The load resistors are typically 6 ohm 50 W units.

http://www.be-electronics.com/product_p/rh0506r000fe02.htm

You can get them in less than case lot quantities for about $6 Cdn. I think there are Ebay sellers who buy volume and can then sell for less. About 4 years ago the local industrial electronics vendor brought in a case of 1000 of them specifically for the 'stylin dudes' and was selling them for about $4 - 5. Worked out great for me because they were the perfect rating for use as injection resistors with some low impedance injectors that I was installing on another project car.

The kits with the pigtails make for an easy install and have the advantage of leaving the stock wiring harness unmolested. However, if you are prepared to tap into the wiring harness, the install would be relatively easy without requiring the adapters. When the lights are on, the resistors are dissipating quite a bit of heat (14v x 14 v)/6 ohms = 33 watts. They can get hot. This probably won't be a problem for the signal lights which are cycling on and off. However, if you are in slow traffic and repeatedly applying the brakes and staying on the brakes at a long traffic light, the brake light resistors are going to get hot.

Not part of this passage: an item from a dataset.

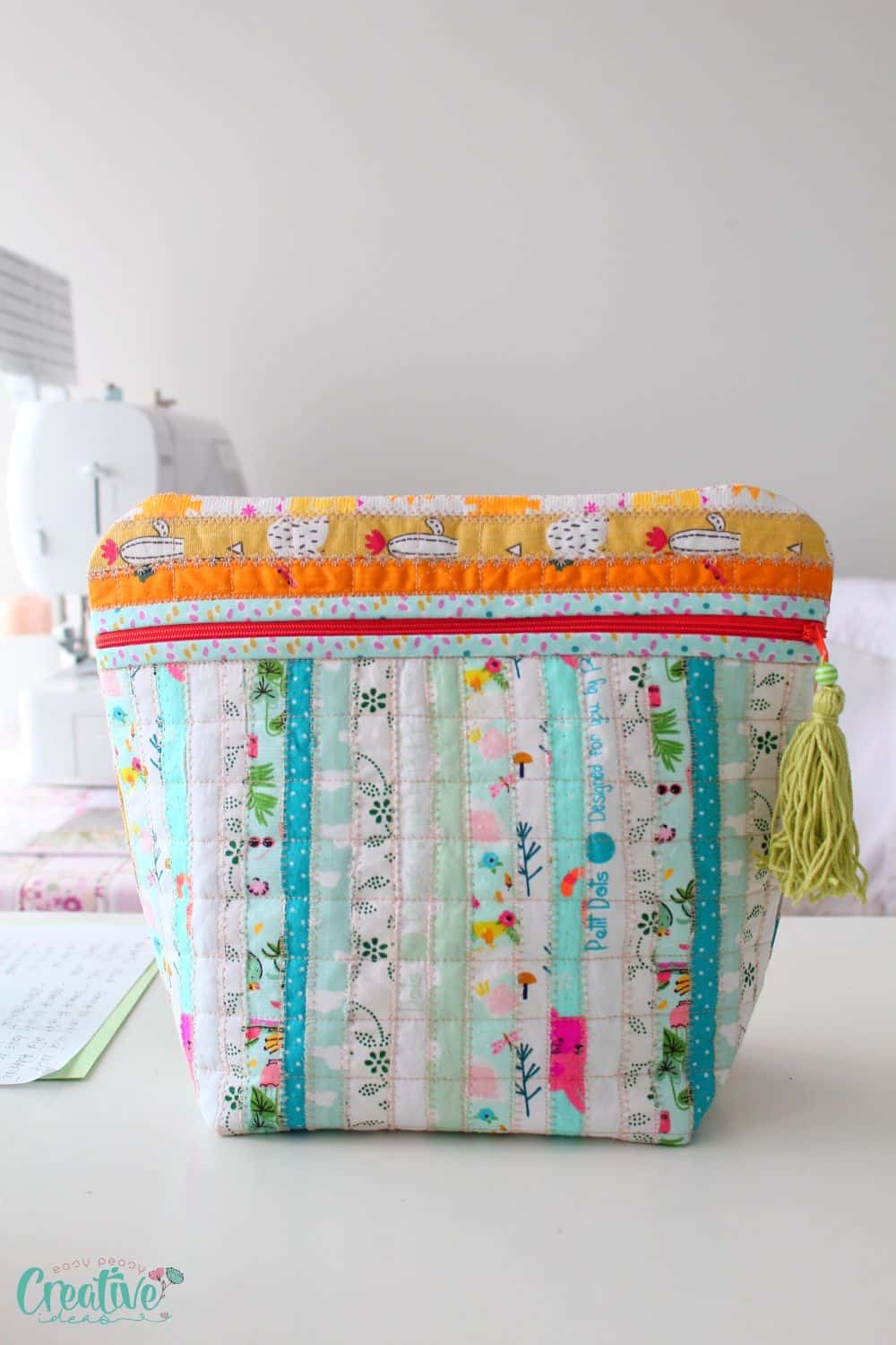 - Quilted toiletry bag with selvage fabric

Don't mount them on plastic parts or allow them to come into contact with anything combustible.
 
Just a heads up. The load resistor is connected in parallel with the LED bulb to increase the electrical load in the LED circuit (makes it look like a conventional filament style bulb). If the LED fails, the resistor still remains connected and may cause the bulb failure detection circuit to become inoperative because it is still sensing the resistor current. The small drop in current caused by the LED failure may not be enough to trigger the bulb failure warning circuit. It would be easy enough to test by just popping one of the brake LEDs out and applying the brakes to see whether the detector still works. Whether mal operation of the bulb failure detector is an issue for you is your decision. Just something to be aware of.

The load resistors are typically 6 ohm 50 W units.

http://www.be-electronics.com/product_p/rh0506r000fe02.htm

You can get them in less than case lot quantities for about $6 Cdn. I think there are Ebay sellers who buy volume and can then sell for less. About 4 years ago the local industrial electronics vendor brought in a case of 1000 of them specifically for the 'stylin dudes' and was selling them for about $4 - 5. Worked out great for me because they were the perfect rating for use as injection resistors with some low impedance injectors that I was installing on another project car.

The kits with the pigtails make for an easy install and have the advantage of leaving the stock wiring harness unmolested. However, if you are prepared to tap into the wiring harness, the install would be relatively easy without requiring the adapters. When the lights are on, the resistors are dissipating quite a bit of heat (14v x 14 v)/6 ohms = 33 watts. They can get hot. This probably won't be a problem for the signal lights which are cycling on and off. However, if you are in slow traffic and repeatedly applying the brakes and staying on the brakes at a long traffic light, the brake light resistors are going to get hot. Don't mount them on plastic parts or allow them to come into contact with anything combustible.

thanks for the detailed info. I will be mounting the resistors to metal using heatsink tape, hope it will be enough to dissipate the heat. I did buy all the parts to make my own harnesses only to find out later that it has already been done by some enterprising people.